La première variable sur laquelle les événements de début janvier 2022 peuvent influer est la capacité du président Tokaïev à rester au pouvoir, successeur désigné par Nazarbaïev. Cette variable graduelle peut aller d’une quasi absence de changement d’équipe gouvernementale à un changement de président, en passant par un simple changement de gouvernement ou des modifications institutionnelles laissant davantage de place aux libertés individuelles et aux règles démocratiques. La seconde variable instrumentale déterminante est la relation du pays à la Russie, qui sera probablement renforcée à la faveur de l’intervention russe sur le sol kazakhstanais. Enfin, l’impact sur l’image du pays à l’international pourra jouer en faveur de la baisse des IDE, dont le pays est le premier bénéficiaire en Asie Centrale, hors Russie, avec près de 4 milliards de dollars en 2021[1].
Deux scénarios principaux et un scénario alternatif émergent alors de la combinaison de ces variables :
Scénario algérien : l’intervention de l’armée russe est considérée comme une ligne rouge par l’opinion publique kazakhe, conduisant au départ de l’équipe gouvernementale et à un changement des institutions
Si le contexte est bien différent entre Alger et Noursoultan, l’idée d’un mouvement populaire entrainant un changement d’institutions à la suite du règne d’un autocrate contraint de laisser les rênes du pouvoir est analogue. Dans ce scénario, le régime politique mis en place par Noursoultan ne survit pas à son éloignement des fonctions officielles, et a fortiori à son décès. Du fait du caractère autocratique du régime, une forte personnalité est nécessaire à l’adhésion de la population, ce que ne permettent pas la froideur et l’inexpressivité du président Tokaïev. Les Kazakhstanais veulent que la fin du règne sans partage de Nazarbaïev se matérialise par un changement profond des institutions laissant davantage de place aux libertés individuelles. La Russie y voit une perte d’influence régionale et pèse sur le processus électif qui sera mis en place, pour conserver l’assentiment de la classe dirigeante. La position des Russes kazakhstanais, deuxième groupe ethnique du pays, sera déterminante dans le succès ou l’échec de la mise en place des nouvelles institutions politiques.

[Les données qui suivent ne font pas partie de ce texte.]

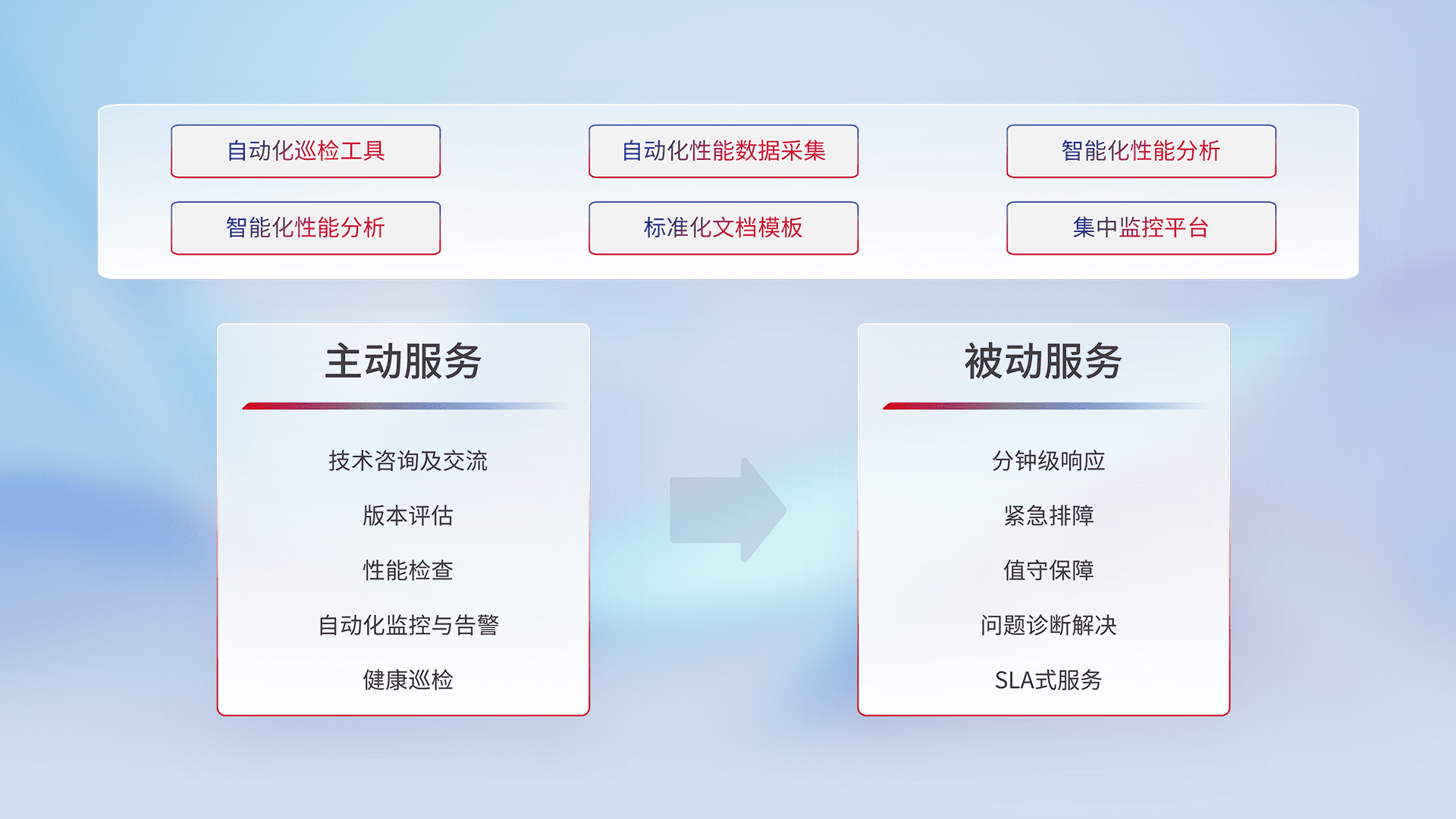 智能化工具和标准化文档,,,,保障服务质量,,,提供主动服务(包含技术咨询、、版本评估、、、、性能检查、、自动化监控与告警、、健康巡检)和被动服务包含(分钟级响应、、、、紧急排障、、、、值守保障、、、问题诊断解决、、、、SLA服务)。。。。

Un scénario biélorusse : la Russie sort largement renforcée et la contestation n’a aucun impact sur les institutions kazakhstanaises
La Russie a prouvé son utilité au président Tokaïev, qui comprend l’intérêt d’un retour en force des liens économiques avec la fédération. D’une part, le soutien militaire du Kremlin et la répression sanglante des manifestations met ainsi fin à la contestation. D’autre part, le renforcement des liens économiques entre les deux pays permet de lisser la hausse des prix de l’énergie, et contente la revendication initiale des manifestants kazakhs. Le clivage social et culturel entre Russes et Kazakhs est exacerbé par cette conclusion, le rapport de force alors en faveur des Kazakhs s’inverse progressivement.
Un scénario ukrainien : l’intervention militaire russe s’inscrit dans la durée, remettant en cause l’intégrité et l’unité territoriale du Kazakhstan
Ce scénario alternatif nait des tensions entre Kazakhs et Russes explosant en conflit territorial ouvert. À la manière du Donbass ukrainien, l’armée russe permettrait aux Russes kazakhstanais de contrôler le Nord du Pays, où ils sont majoritaires. Les grands centres économiques du Sud, d’où est partie la contestation et à majorité Kazakhe, feraient sécession et s’affirmeraient comme Etat Nation Kazakh. Le clivage entre les deux peuples majoritaires, que n’est pas parvenu à atténuer Nazarbaïev, trouve ici son paroxysme en prenant une dimension territoriale. Le Kazakhstan devient alors un terrain d’affrontement indirect entre Russie soutenant le Nord et Turquie soutenant le Sud musulman.